### Exercise details:
Begin at the line holding "シンプルながら裾フリルがかわいい定番ショートパンツ。" and set down exactly each line through the last one below, omitting pictures. Include nothing else.
*** Data provided ***
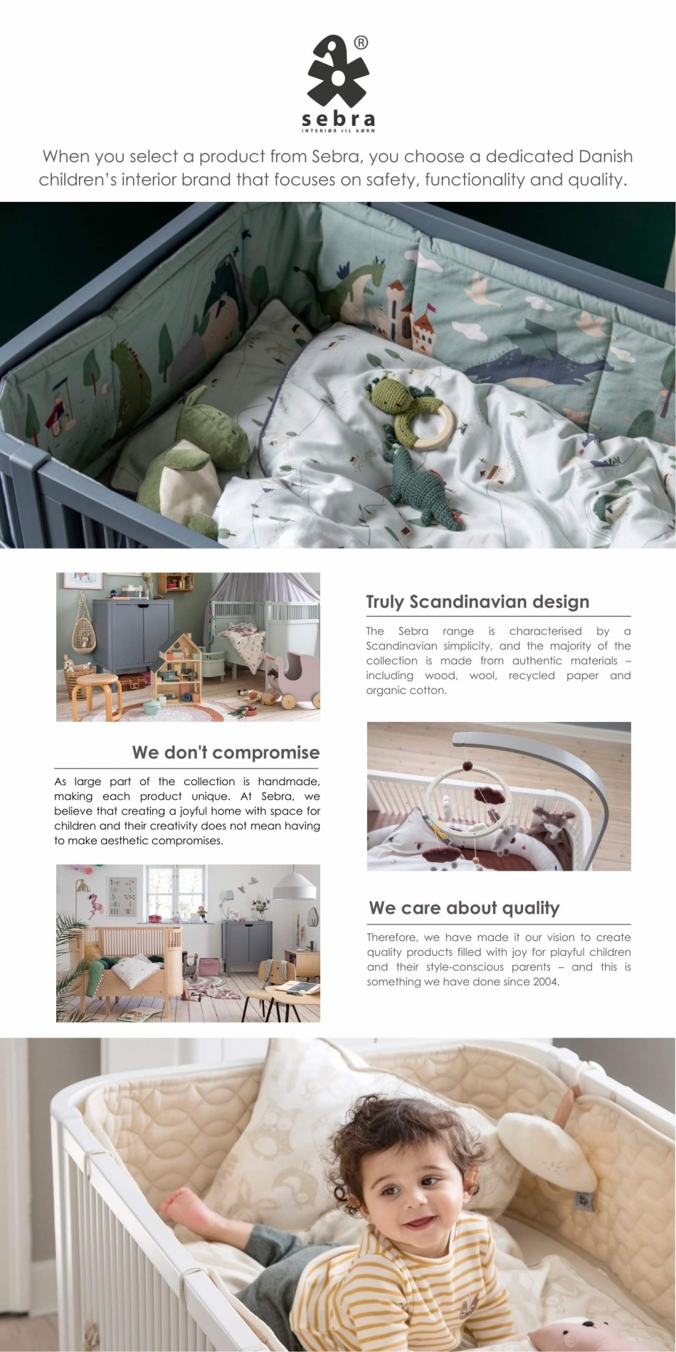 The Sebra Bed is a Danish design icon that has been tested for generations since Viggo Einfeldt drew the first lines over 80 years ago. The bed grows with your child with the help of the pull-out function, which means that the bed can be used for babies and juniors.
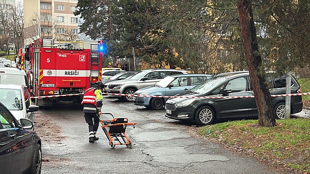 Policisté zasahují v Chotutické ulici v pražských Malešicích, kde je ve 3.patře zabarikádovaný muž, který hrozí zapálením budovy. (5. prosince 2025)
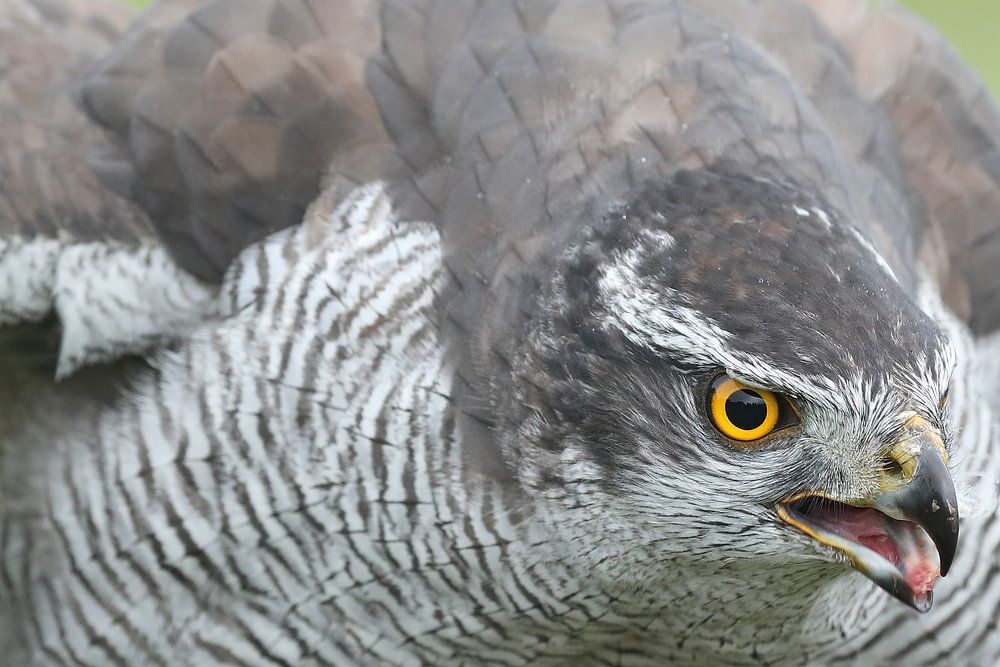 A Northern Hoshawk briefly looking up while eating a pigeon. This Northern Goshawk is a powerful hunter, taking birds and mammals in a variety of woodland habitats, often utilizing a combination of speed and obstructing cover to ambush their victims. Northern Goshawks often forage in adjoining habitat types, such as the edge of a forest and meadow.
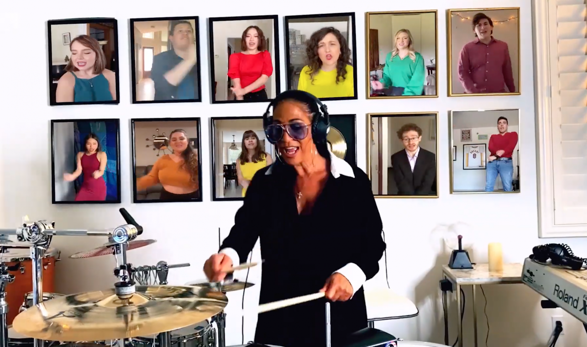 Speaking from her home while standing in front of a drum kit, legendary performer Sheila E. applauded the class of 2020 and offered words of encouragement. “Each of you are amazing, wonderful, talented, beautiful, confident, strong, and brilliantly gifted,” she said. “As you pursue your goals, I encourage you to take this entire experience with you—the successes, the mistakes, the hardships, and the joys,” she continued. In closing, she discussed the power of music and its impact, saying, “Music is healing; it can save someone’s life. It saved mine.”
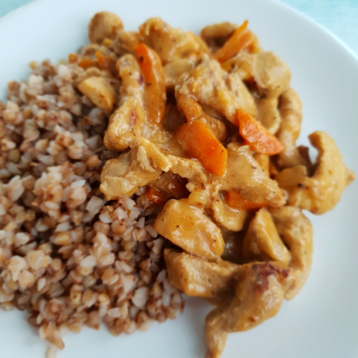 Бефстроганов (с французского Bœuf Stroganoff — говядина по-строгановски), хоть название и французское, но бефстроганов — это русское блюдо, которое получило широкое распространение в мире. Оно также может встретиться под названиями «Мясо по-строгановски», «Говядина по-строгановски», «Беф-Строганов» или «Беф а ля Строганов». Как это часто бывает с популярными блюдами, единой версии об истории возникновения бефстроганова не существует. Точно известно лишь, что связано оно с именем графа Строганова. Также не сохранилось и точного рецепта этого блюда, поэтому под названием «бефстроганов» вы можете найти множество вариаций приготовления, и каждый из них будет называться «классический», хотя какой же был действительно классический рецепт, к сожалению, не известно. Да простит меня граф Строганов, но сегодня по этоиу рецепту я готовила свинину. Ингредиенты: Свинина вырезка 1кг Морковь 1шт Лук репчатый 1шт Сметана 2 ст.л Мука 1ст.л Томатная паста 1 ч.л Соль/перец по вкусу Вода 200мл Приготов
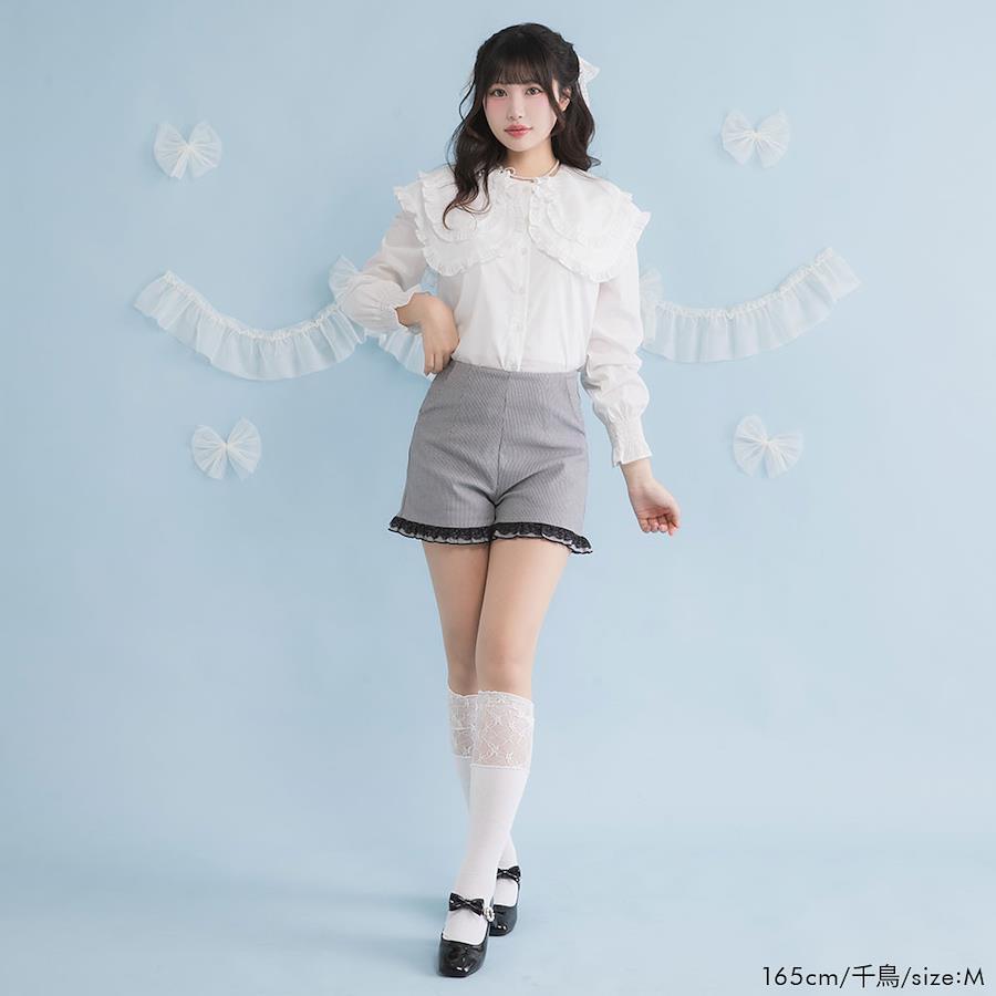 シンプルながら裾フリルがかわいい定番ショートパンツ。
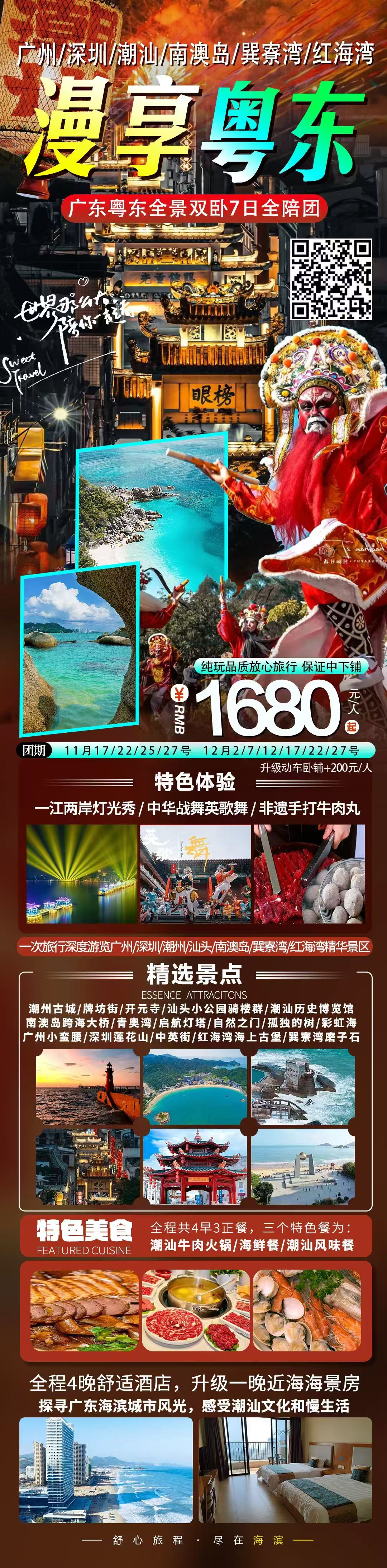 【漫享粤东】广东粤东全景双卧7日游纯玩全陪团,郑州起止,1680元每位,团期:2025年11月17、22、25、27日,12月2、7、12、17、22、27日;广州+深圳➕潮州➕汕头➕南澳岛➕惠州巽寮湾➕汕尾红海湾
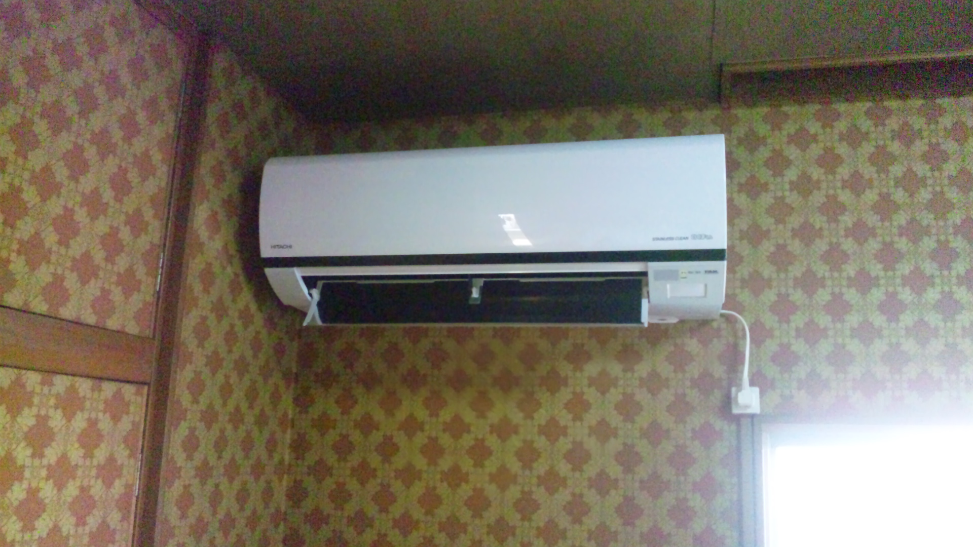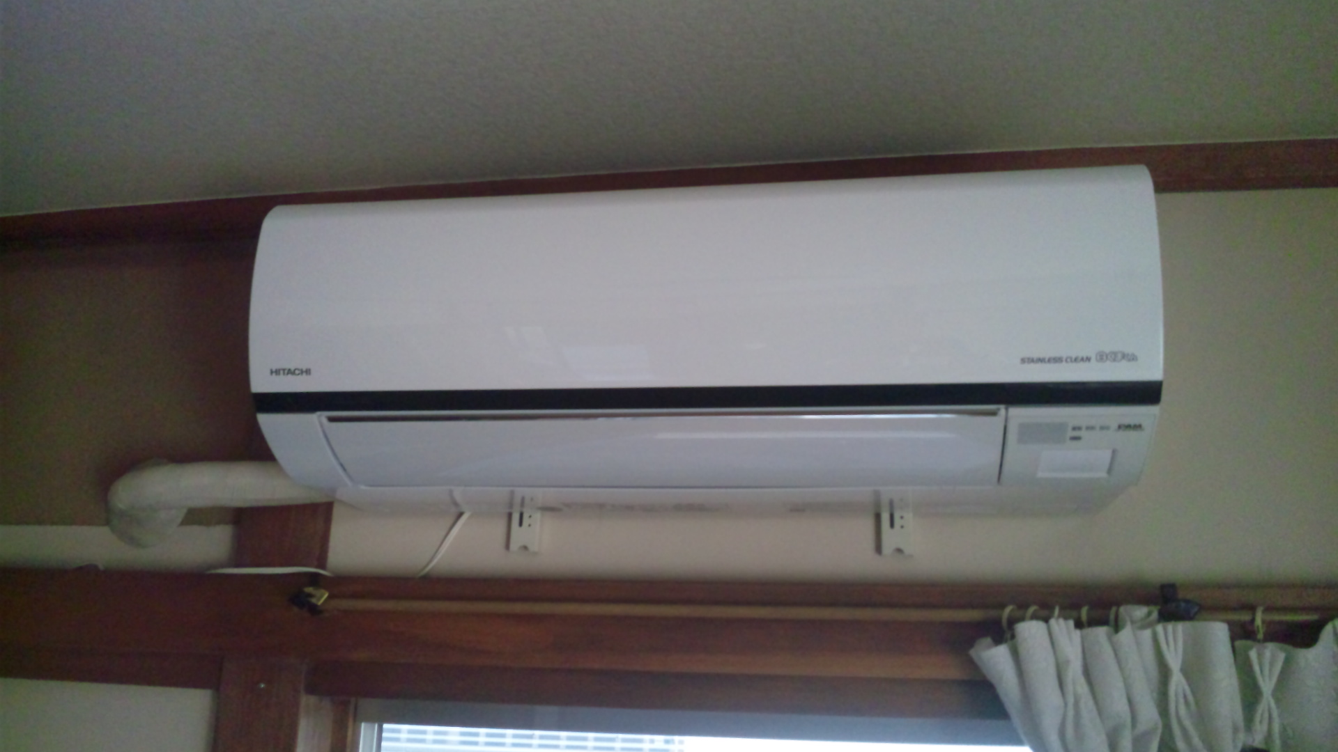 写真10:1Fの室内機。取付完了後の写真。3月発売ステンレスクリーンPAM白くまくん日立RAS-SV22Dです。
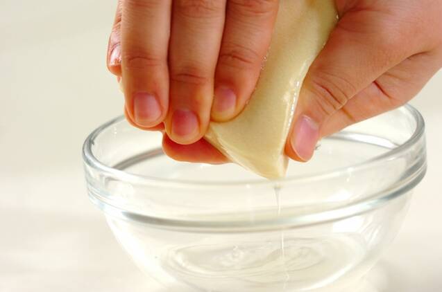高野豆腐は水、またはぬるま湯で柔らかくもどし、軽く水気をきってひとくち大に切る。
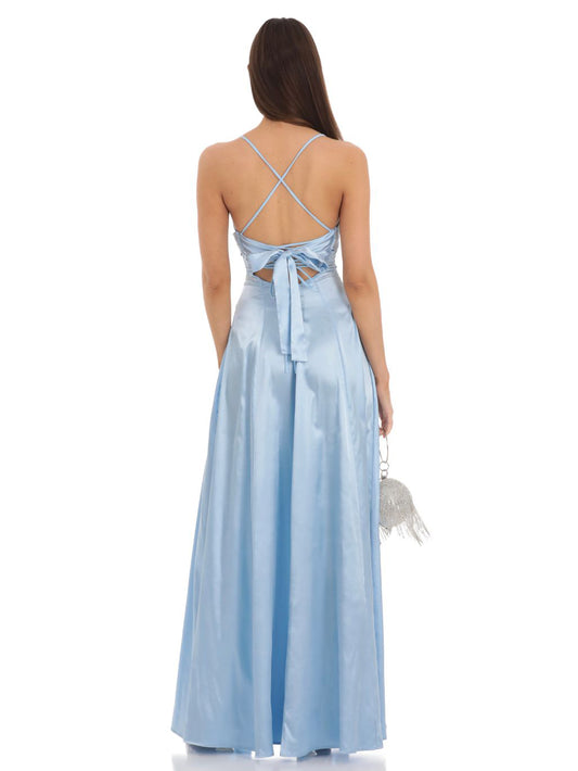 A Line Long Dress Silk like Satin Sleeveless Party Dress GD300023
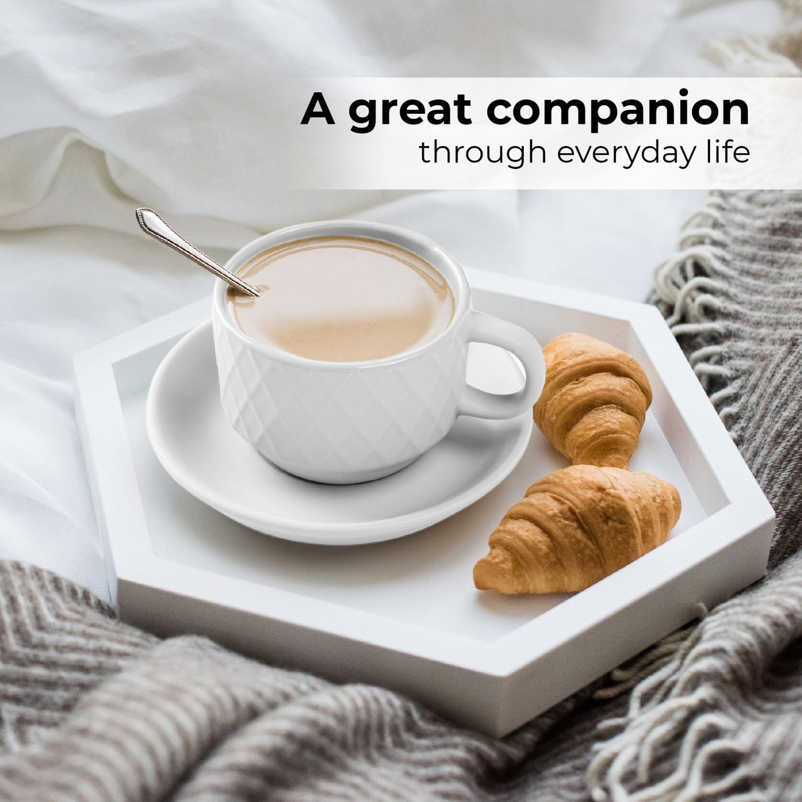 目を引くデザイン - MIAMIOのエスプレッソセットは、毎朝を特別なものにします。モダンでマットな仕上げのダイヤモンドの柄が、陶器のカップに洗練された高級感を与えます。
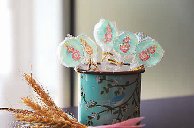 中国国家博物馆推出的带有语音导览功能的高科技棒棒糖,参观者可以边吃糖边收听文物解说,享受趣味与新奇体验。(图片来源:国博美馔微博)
*** End of Data provided ***
### Task result:
 シンプルながら裾フリルがかわいい定番ショートパンツ。
 【漫享粤东】广东粤东全景双卧7日游纯玩全陪团,郑州起止,1680元每位,团期:2025年11月17、22、25、27日,12月2、7、12、17、22、27日;广州+深圳➕潮州➕汕头➕南澳岛➕惠州巽寮湾➕汕尾红海湾
 写真10:1Fの室内機。取付完了後の写真。3月発売ステンレスクリーンPAM白くまくん日立RAS-SV22Dです。
高野豆腐は水、またはぬるま湯で柔らかくもどし、軽く水気をきってひとくち大に切る。
 A Line Long Dress Silk like Satin Sleeveless Party Dress GD300023
 目を引くデザイン - MIAMIOのエスプレッソセットは、毎朝を特別なものにします。モダンでマットな仕上げのダイヤモンドの柄が、陶器のカップに洗練された高級感を与えます。
 中国国家博物馆推出的带有语音导览功能的高科技棒棒糖,参观者可以边吃糖边收听文物解说,享受趣味与新奇体验。(图片来源:国博美馔微博)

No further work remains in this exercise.